More details can be found in the excellent not so Frequently Asked Questions.
I'm using gnuplot for the same purposes, my input looks like:
35010.59199,100,101
35010.76560,100,110
35011.05703,100,200
35011.08119,100,110
35011.08154,100,200
35011.08158,100,200
35011.08169,100,200
35011.10814,100,200
35011.16955,100,110
35011.16985,100,200
35011.17059,100,200
The first column is seconds since midnight and after the comma a nanosecond part. You can save this in a csv file and in gnuplut do:
set datafile separator ','
plot "test.csv" using 1:3 with lines
I originally misunderstood your problem. I think the finer resolution to the time format is a big problem with gnuplot and one that to my knowledge is not implemented.

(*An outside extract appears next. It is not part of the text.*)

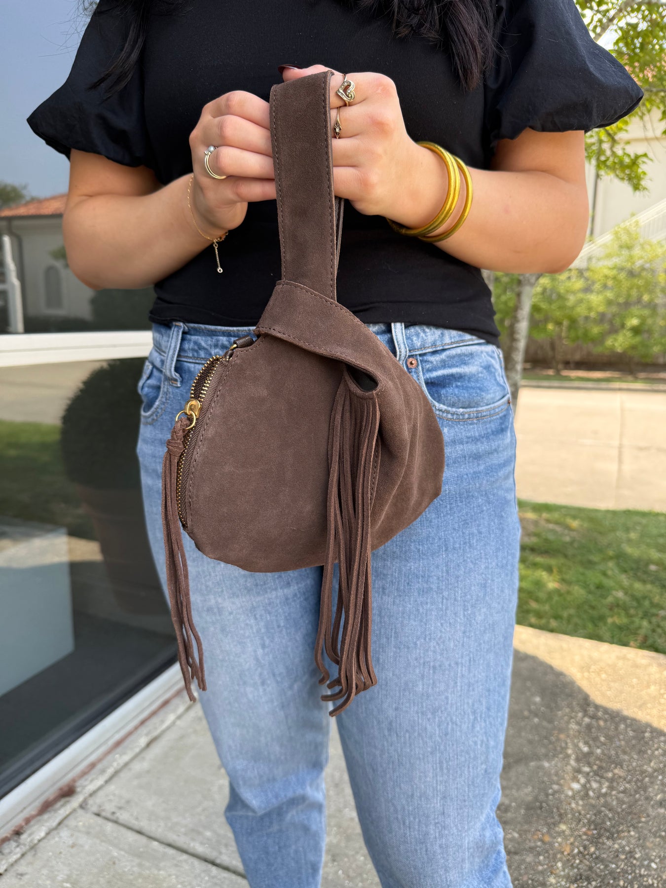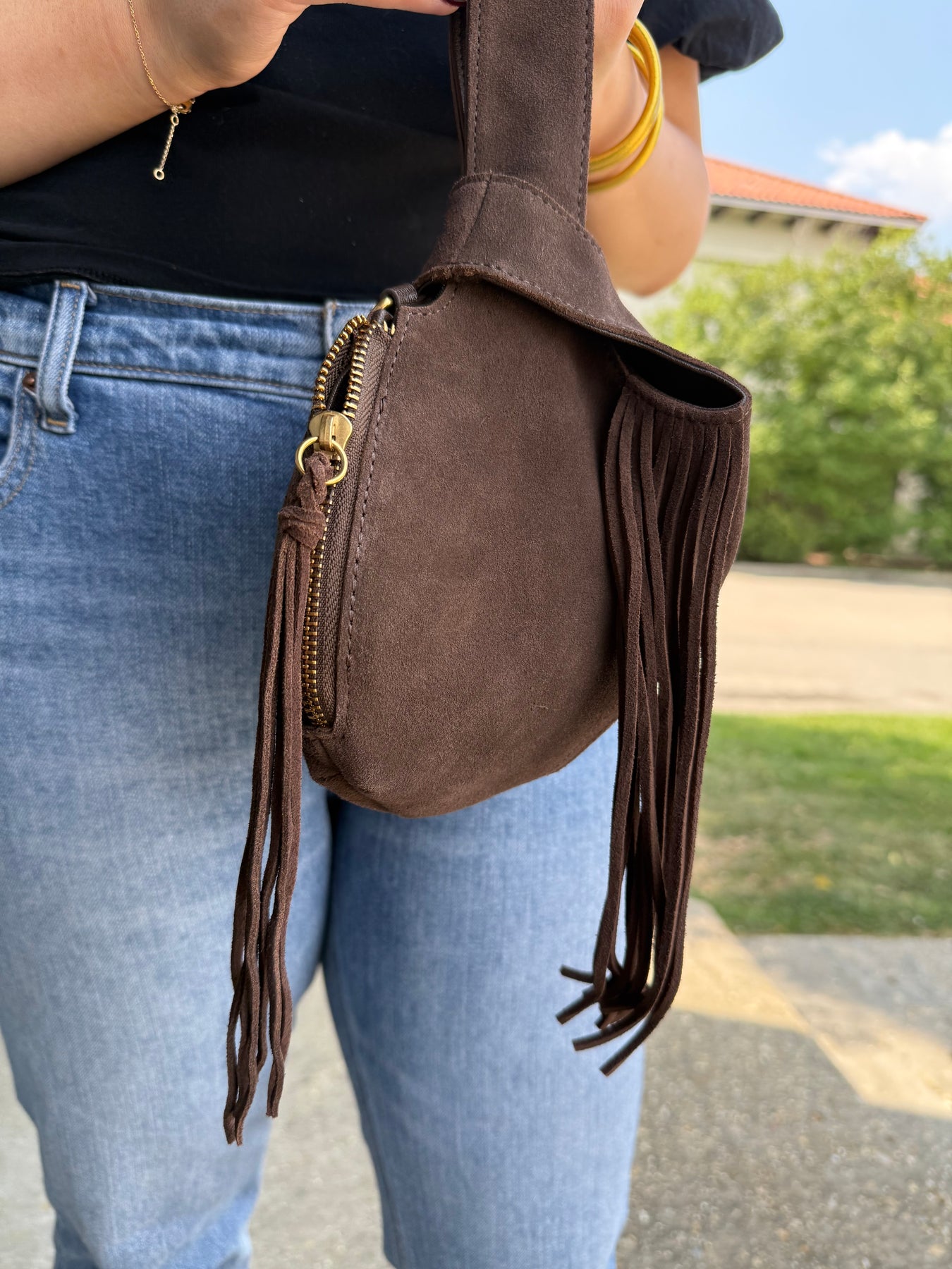 Brown suede, pull through wristlet. Features an inner side zipper and pouch. Measures 9x6x1inch. Also available in store!

One possible work-around would be to use awk to convert your date into the number of seconds with something like
plot "<awk 'your_awk_one_liner' file1.dat" with lines
and then just do a regular double by double plot and forget that it was every time at all (a bit like Martin's solution).
I'm afraid I am not very good with awk and so I cannot help with this bit -
these pages might help though -
http://www.gnu.org/manual/gawk/html_node/Time-Functions.html and http://www.computing.net/answers/unix/script-to-convert-datetime-to-seco/3795.html.
The use of awk with gnuplot is described here: http://t16web.lanl.gov/Kawano/gnuplot/datafile3-e.html.
You could then plot a second axis (and not the data) with the correct times - something like the method used here: Is there a way to plot change of day on an hourly timescale on the x axis?
I'm afraid I don't have time to try and write a complete solution - but something reasonable should be possible.
Good luck - keep us updated if you get something working - I would be interested.